The Nature of the Genetic Code

The genetic code can be described in a number of ways - it is a triplet code, non-overlapping, degenerate and universal.

  • Triplet code: three nucleotide bases make up a codon, which code for a particular amino acid.

  • Non-overlapping code: the codons do not overlap. Once the ribosome has ‘read’ one codon and the appropriate amino acid has been recruited, the ribosome moves onto a new codon.
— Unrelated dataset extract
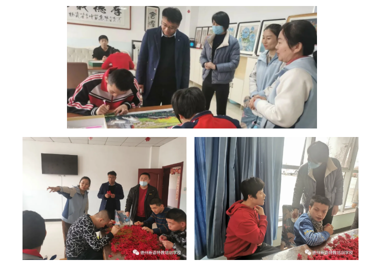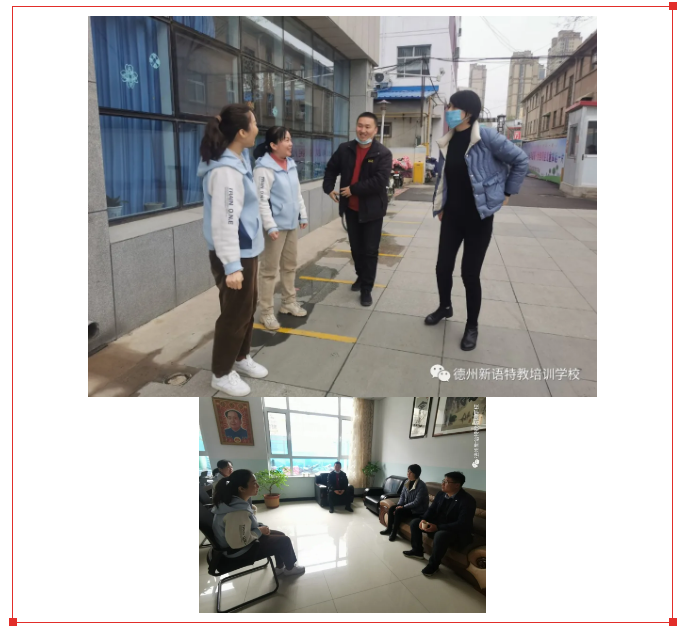 2021年3月18日,聊城市藍天兒童康復活動中心負責人李憲路一行三人來到德州新語特教培訓學校參觀交流。校區(qū)負責人于娟、曲鳳英二位老師全程陪同。

  • Degenerate code: different codons can code for the same amino acid. For example, the codons CUU and CUC both code for the amino acid leucine. This means that some mutations will have no effect on the organism since the same protein will still be produced.

  • Universal code: all organisms use the same genetic code. Bacteria, bonobos and bananas all contain DNA made up of the four nitrogenous bases that are found in humans.